# A worth while track saw consideration



## Tedstor

Thanks for the review. 
How's the accuracy? Is it good enough to build cabinets/cases/built-ins? Do you find yourself re-cutting your sheet goods on the table saw? Or does the track saw get your cuts close enough?


----------



## Holbs

The accuracy is 100% spot on. That black edging strip to the right you see in the track picture is your guide. Foolproof. I would much prefer a cabinet saw for repeatable cuts and ease of use. Setting up for accuracy means you have to have patience and double check the lineups.


----------



## WoodNSawdust

Thanks for the review. I have been considering this saw for rough breaking down of sheet goods (prior to running through the table saw).

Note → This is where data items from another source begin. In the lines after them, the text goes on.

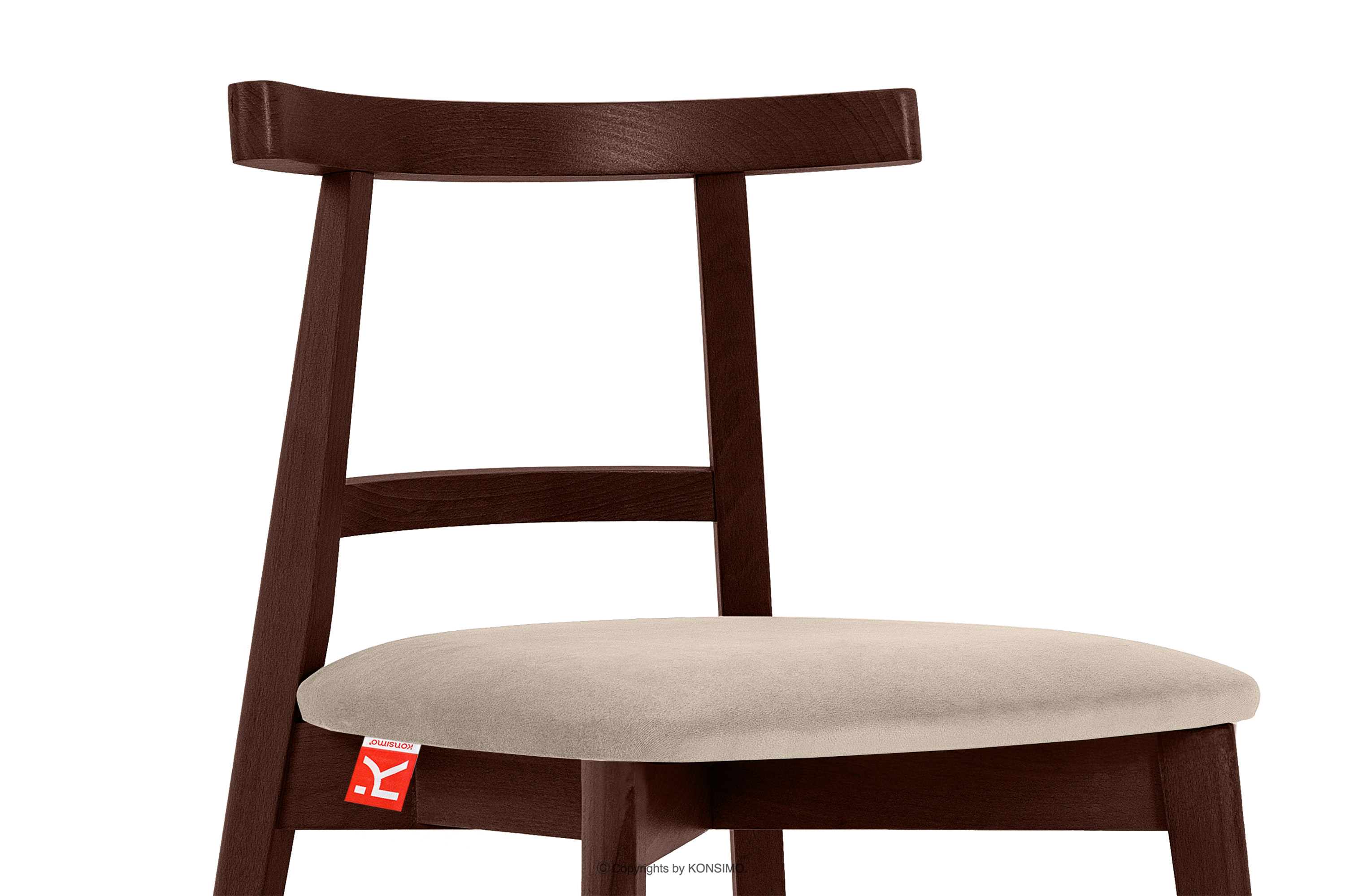 Die Sitzfläche des Stuhls ist mit weichem Velours bezogen, was ihm nicht nur Weichheit, sondern auch ein luxuriöses Aussehen verleiht. Außerdem ist er sehr pflegeleicht und sehr widerstandsfähig gegen Pilling.
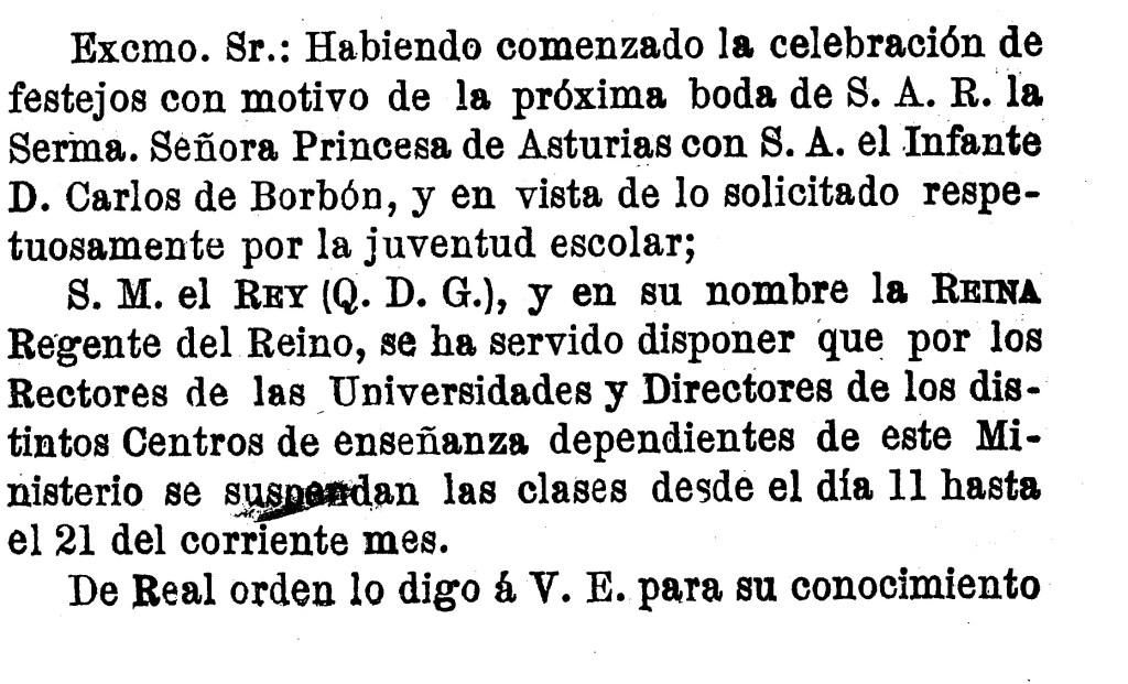 Excmo. Sr.: Habiendo comenzado la celebración de festejos con motivo de la próxima boda de S. A. R. la Serma. Señora Princesa de Asturias con S.A. el Infante D. Carlos de Borbón, y en vista de lo solicitado respetuosamente por la juventud escolar; S. M. el Rey (Q.D.G.), y en su nombre la Reina Regente del Reino, se ha servido disponer que por los Rectores de las Universidades y Directores de los distintos Centros de enseñanza dependientes de este Ministerio se suspendan las clases desde el día 11 hasta el 21 del corriente mes.
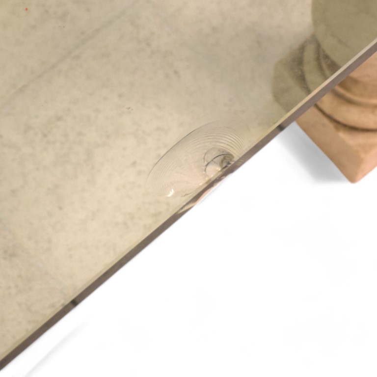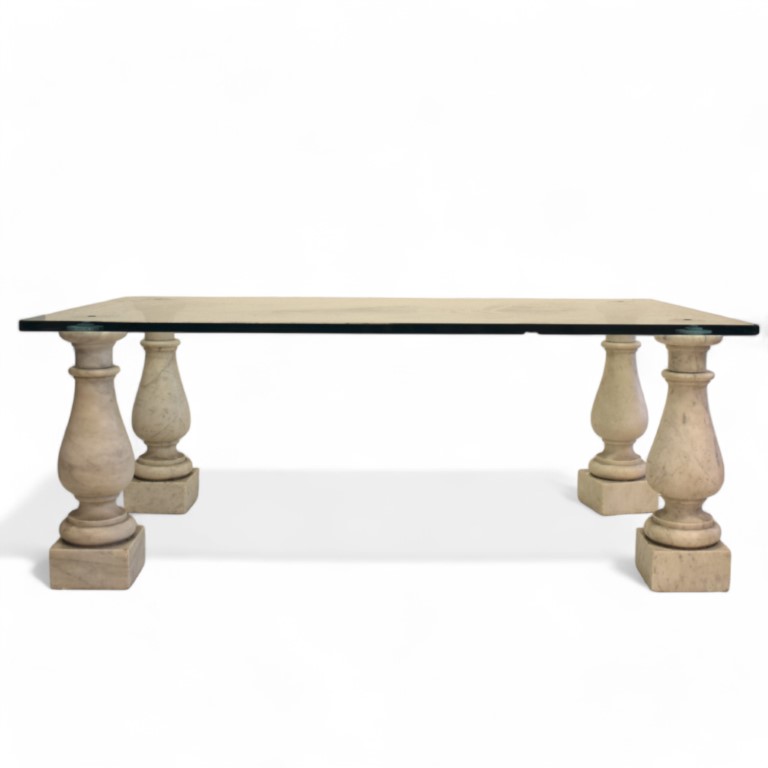 Con quattro sostegni a balaustro in marmo bianco e piano in cristallo danneggiato
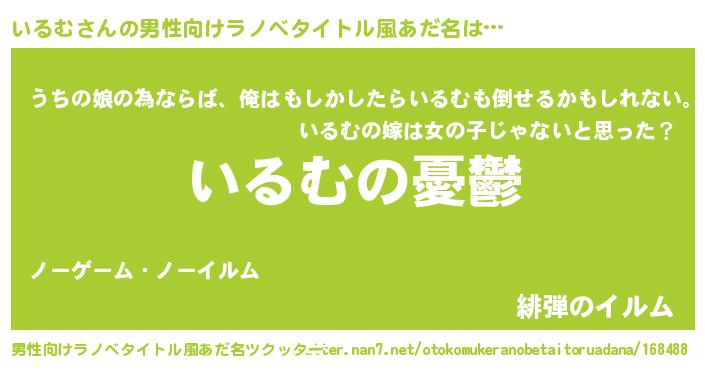 | 女子向けラノベタイトル風あだ名 | 『(仮)いるむのやんごとなき事情』 |

One of the complaints other reviews have is the chipping along the cut line. What is your opinion?


----------



## Tedstor

> The accuracy is 100% spot on. That black edging strip to the right you see in the track picture is your guide. Foolproof. I would much prefer a cabinet saw for repeatable cuts and ease of use. Setting up for accuracy means you have to have patience and double check the lineups.
> 
> - Holbs


Thanks for the reply. I have a contractor saw with limited rip capacity…..so I've been considering a track saw to supplement the table saw, particularly with sheetgoods and panels. I've been waiting for the Makita to drop to $325-350, but that apparently will never happen. So less expensive options are now up for consideration.


----------



## Holbs

You can see in the above picture using the STOCK Grizzly saw blade. JMARTEL has home brewed modifications for zero clearance cuts with even more impressive results.


----------



## Holbs

Ted, I am in the same boat with a Bosch 4100: limited rip capacity. I would use a track saw to rough cut sheet goods and then finish off on a cabinet saw (that's the plan til I get a cabinet saw). Luckily, this track saw works great albeit takes a lot more time to set up for precision cut after cut.


----------



## AZWoody

What is the max thickness of wood that can be cut?
Also, is the cut good enough that it could cut 2 pieces straight enough to glue up?


----------



## Holbs

Max cutting depth without rail 2-5/32", with rail 1-31/32".
With a better blade than the stock one I'm using, and with JMARTEL's modification I would say yes you can glue up 2 pieces.


----------



## bkseitz

Thanks for the review. Have been researching guide rails and tracksaws the past few years when I decided not to invest in a panel saw and just breakdown my sheet stock on my assembly table or using my contractor saw I upgraded with sliding and outfeed tables. I think the Grizzly you suggest may do the trick for quick breakdown on my assembly bench -thx


----------



## NormG

Thank you for the review


----------